= Goree Independent School District =

Defunct school district in Texas, United States

Goree Independent School District was a public school district based in Goree, Texas (USA).

The district consisted of a single campus - Goree School - that served students in grades pre-kindergarten through twelve. It was located in southeastern Knox County and extended into northeastern Haskell and northwestern Throckmorton counties.

Goree School was the 1972 and 1973 Texas eight-man football state champions. The eight-man title was contested for only four years (1972 through 1975); thus, Goree won 50 percent of the titles.

==District enrollment (1989-2003)==

- 1989–90 - 109 students
- 1990–91 - 103 students
- 1991–92 - 97 students
- 1992–93 - 90 students
- 1993–94 - 83 students
- 1994–95 - 93 students
- 1995–96 - 80 students
- 1996–97 - 92 students
- 1997–98 - 82 students
- 1998–99 - 69 students
- 1999–00 - 63 students
- 2000–01 - 56 students
- 2001–02 - 57 students
- 2002–03 - 47 students

The ethnic composition of students in the 2002-2003 school year was 34 Hispanic (72%), 9 White (19%), and 4 African American (9%). Of the 47 students, 45 (95.7%) were considered economically disadvantaged.

==Student performance==
Goree ISD's performance on the Texas Assessment of Academic Skills (TAAS), a state standardized test used from 1991 to 2003, generally met state standards. The district was rated "academically acceptable" from 1994 to 2002. In its final year, 2002-2003, Goree received an "academically unacceptable" rating due to a low passing rate on the Social Studies portion of the test.

==Consolidation==
The district, faced with a rapidly declining enrollment, held a vote on November 5, 2002 on whether or not to merge with the larger Munday Independent School District. In order for the proposal to pass, voters in both Goree and Munday had to approve the plan.
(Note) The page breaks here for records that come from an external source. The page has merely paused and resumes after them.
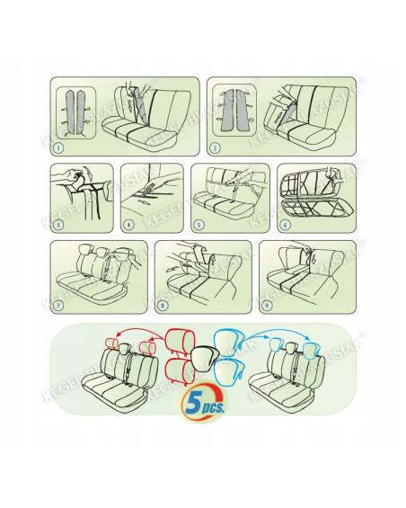 Poťahy sú vybavené nevyhnutným prierezom zapínaným na suchý zips, ktorý umožňuje ich nasadenie bez nutnosti vyťahovať opierky hlavy. Pokiaľ je sedadlo vybavené lakťovými opierkami, umožní ich používanie špeciálny otvor v materiáli. Poťahy sú zozadu uzatvorené, takže chránia nielen predné čalúnenie ale tiež celú zadnú časť sedadla. Ide o vylepšenie predovšetkým pre rodičov malých detí. Vzadu na poťahu na sedadle spolujazdca je všité vrecko, ktoré môže byť nesmierne užitočné. Sada je vybavená špeciálnymi sponami a do materiálu sú všité pripevnenia, čo s pomocou priloženého obrázkového návodu na obsluhu zaisťuje veľmi ľahkú montáž. Poťahy sa vyznačujú dlhou životnosťou, odolnosťou voči oteru a ľahkou údržbou. Možno ich bez obáv prať v práčke pri teplote 40°- v súlade s pokynmi na etikete.
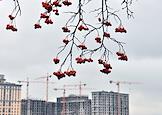 Виды Санкт-Петербурга. Жанровая фотография. Гроздья рябины на фоне кранов на строительстве многоэтажного жилого комплекса.
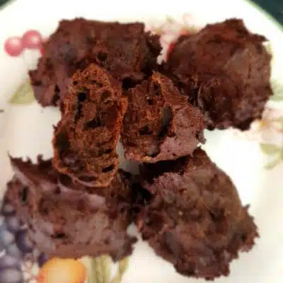 This produces a firm, very chocolatey bake that is more towards dry than moist, and you can try using slightly more or less protein powder and adding slightly more grated chocolate if you prefer, or fetch them out of the oven after 10 minutes for them to be slightly softer.
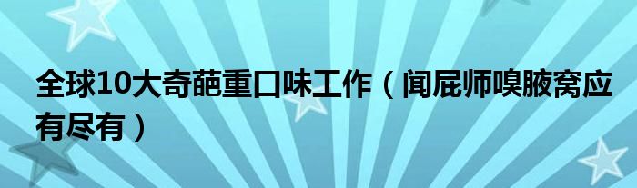 大家好,綜合小編來為大家講解下。全球10大奇葩重口味工作,聞屁師嗅腋窩應(yīng)有盡有很多人還不知道,現(xiàn)在讓我們一起來看看吧!
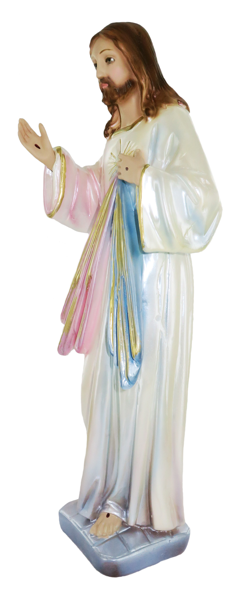 La statua, in gesso finemente dipinto a mano impreziosito da una rifinitura madreperlata, raffigura Gesù Misericordioso scalzo sopra a un piedistallo squadrato con una mano sul petto. Veste una tunica bianca sfumata di azzurro e rosa. Dal cuore si propagano dei raggi; sulle mani e sui piedi porta i segni della Crocifissione. Gli indumenti vantano un'attenzione particolare alla resa delle pieghe e delle delicate sfumature, che donano grande plasticità alla rappresentazione.
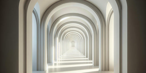 Afficher tous les détailsPapier peint trompe l'œil | Allée d'arche blanches avec effet de profondeur
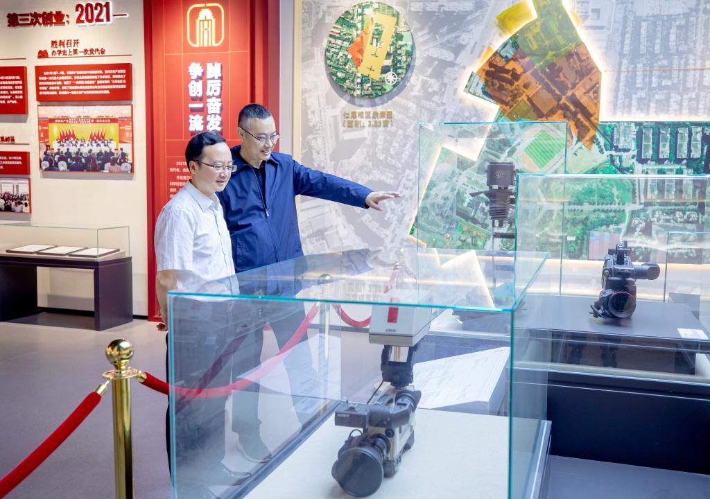 在校史馆,罗晓东介绍了学校发展历程与建设成就,杨杪对我校勇担历史使命、艰苦创业、砥砺奋斗所取得的历史成就给予了高度评价。
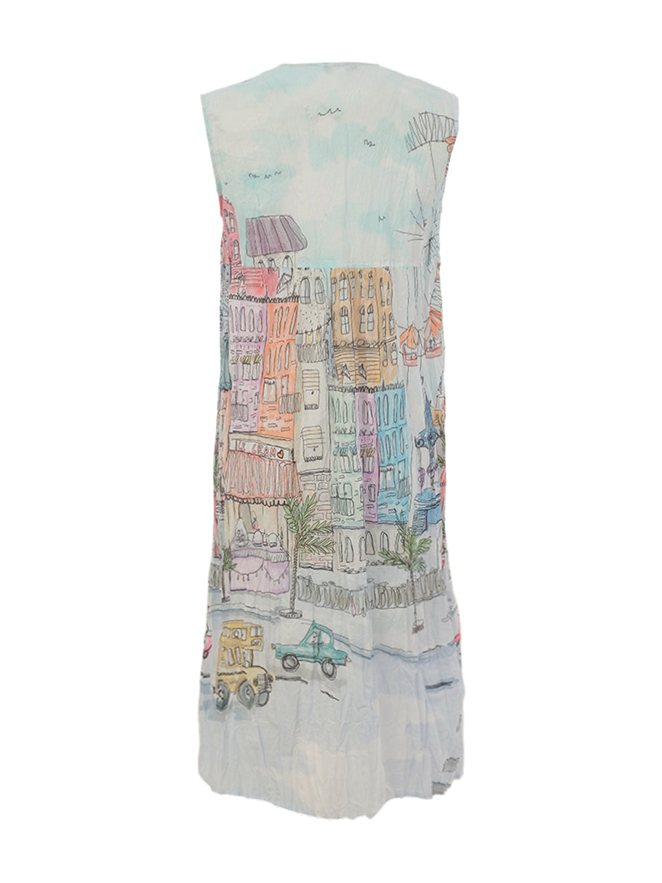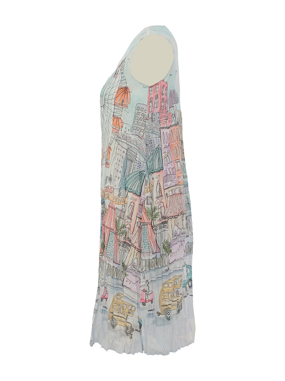 A flowy sleeveless dress featuring a vibrant city-inspired print that brings movement and charm to every step. Designed with soft pleating and a relaxed silhouette, it offers an easy, flattering fit with all-day comfort. Lightweight and effortless, this piece adds a playful, artistic touch to your wardrobe—perfect for warm days and standout everyday styling.
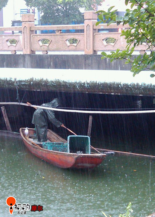 雨中在內(nèi)河撈雜物的清潔工人,往河里亂扔雜物的人看了是不是應(yīng)該改改這個(gè)壞習(xí)慣。拍攝于7月7日
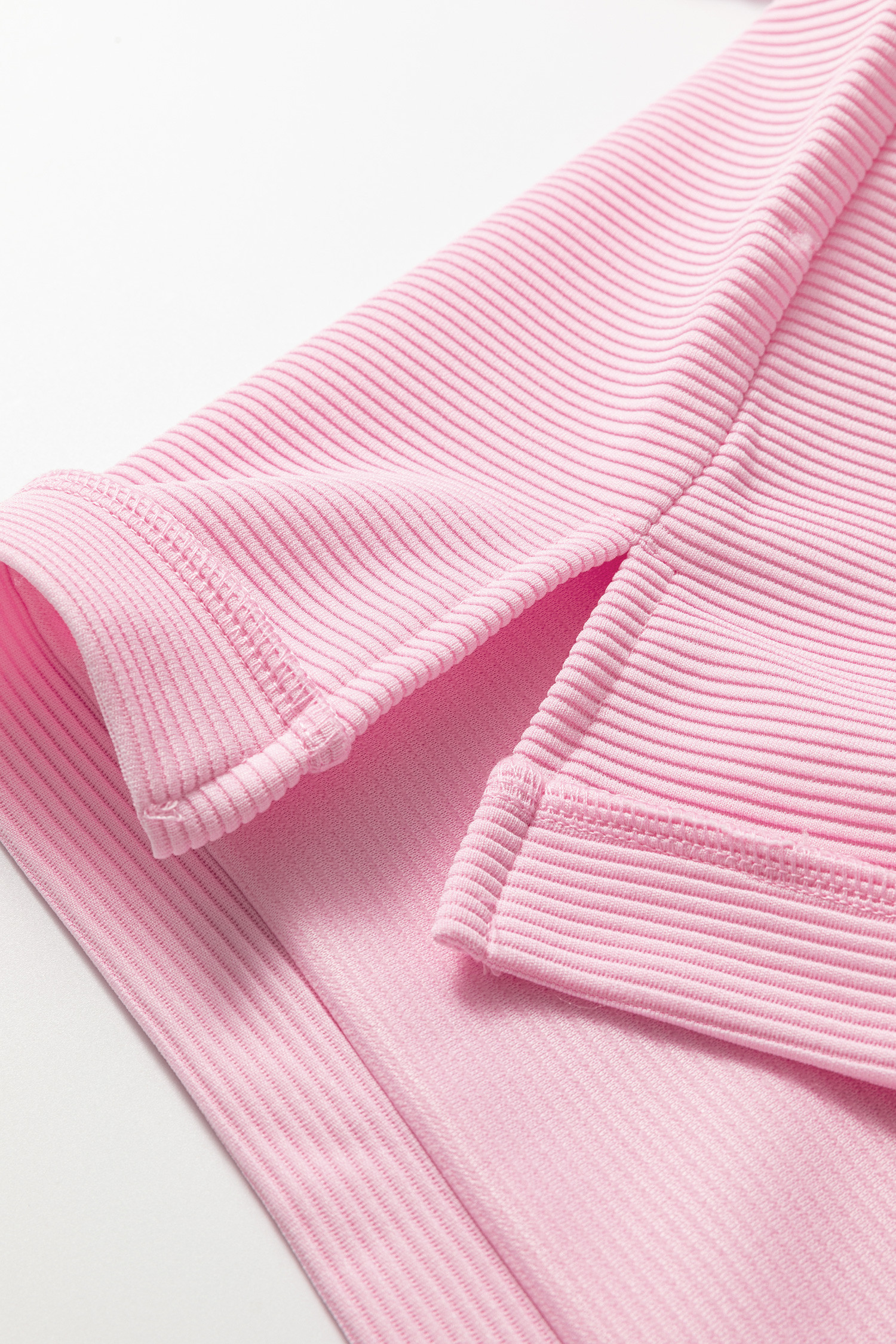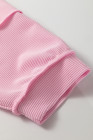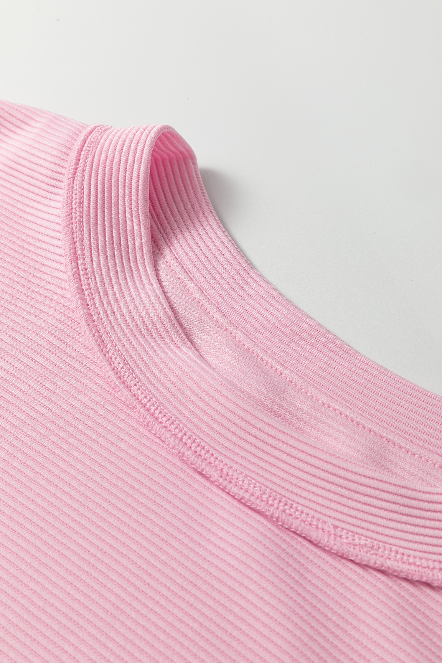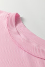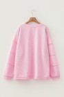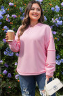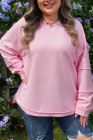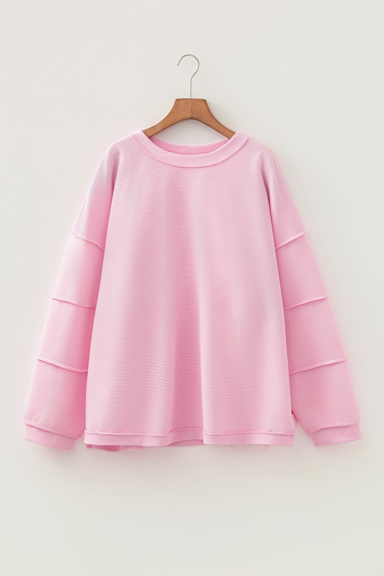 ピンクのドロップショルダー長袖プラスサイズリブトップス
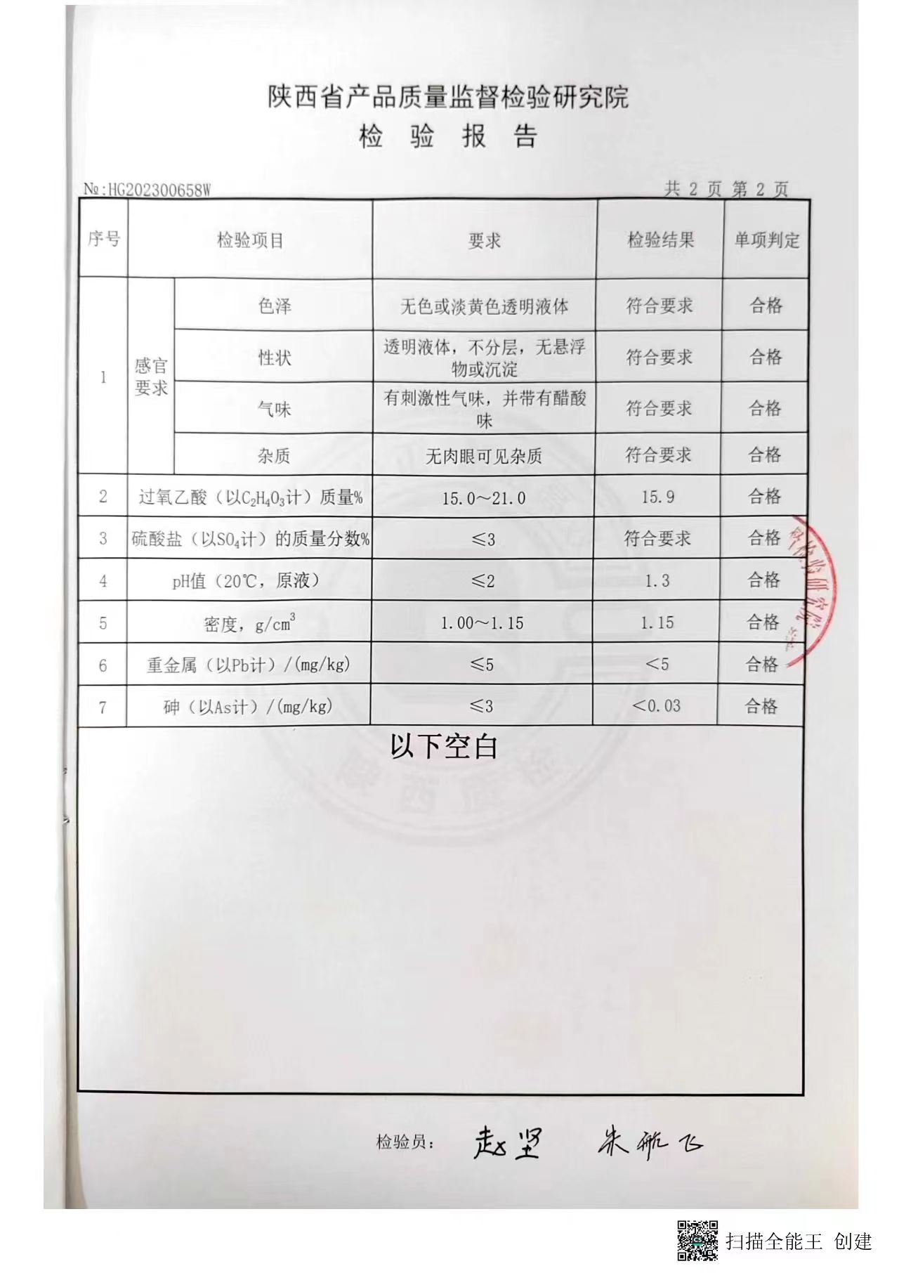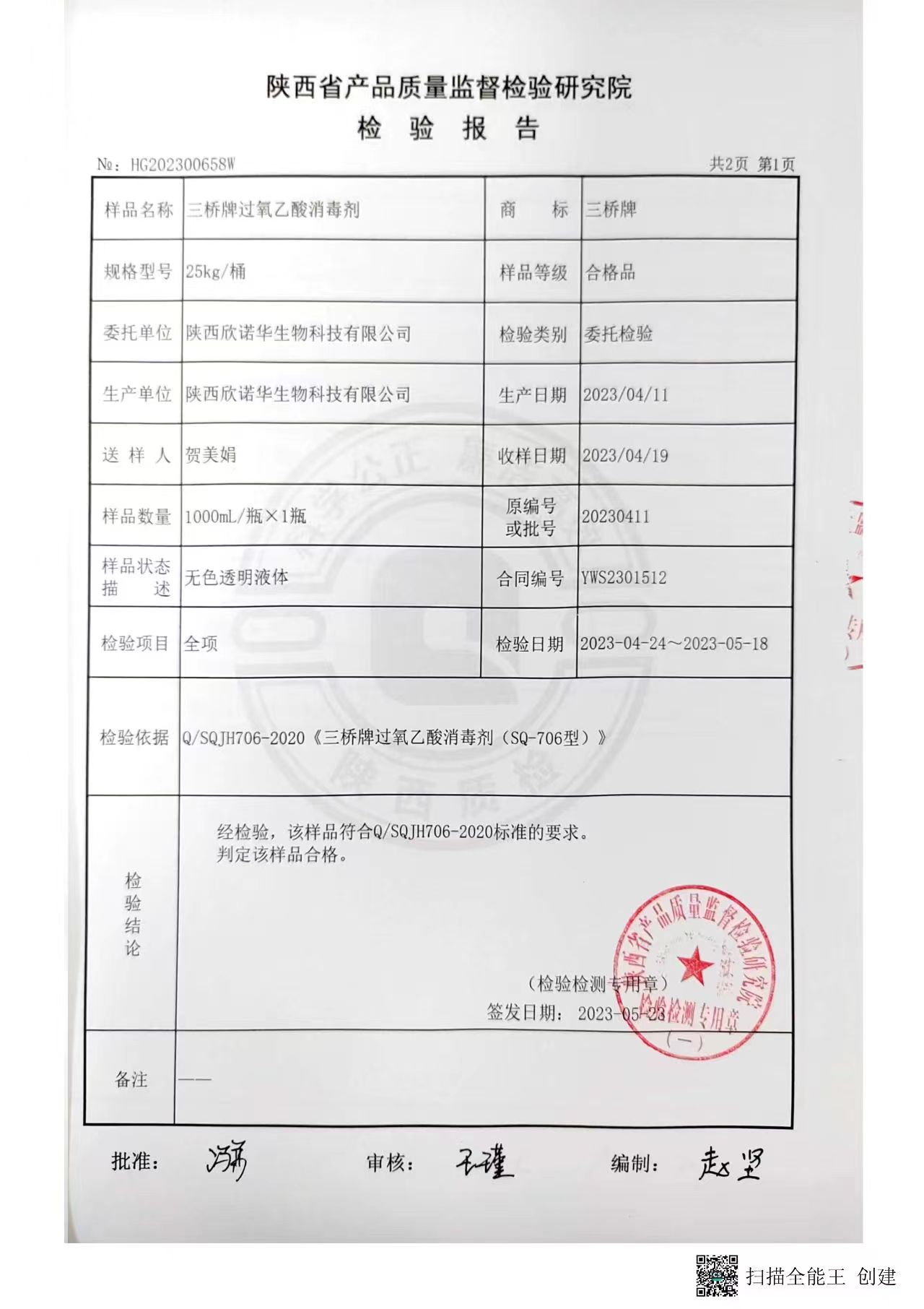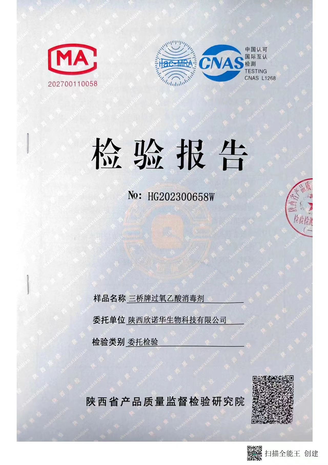 三橋牌過氧乙酸消毒液第三方檢測報告(2023年度)-陜西欣諾華生物科技有限公司

In Goree, 84 voted for consolidation (83.2%) while 17 voted against it (16.8%). Munday voters approved the plan by a margin of 446–30 (93.7%–6.3%).

On July 1, 2003, the merger took effect, creating the Munday Consolidated Independent School District. When classes resumed in August, the Goree campus became Munday Junior High School, serving the district's seventh and eighth graders.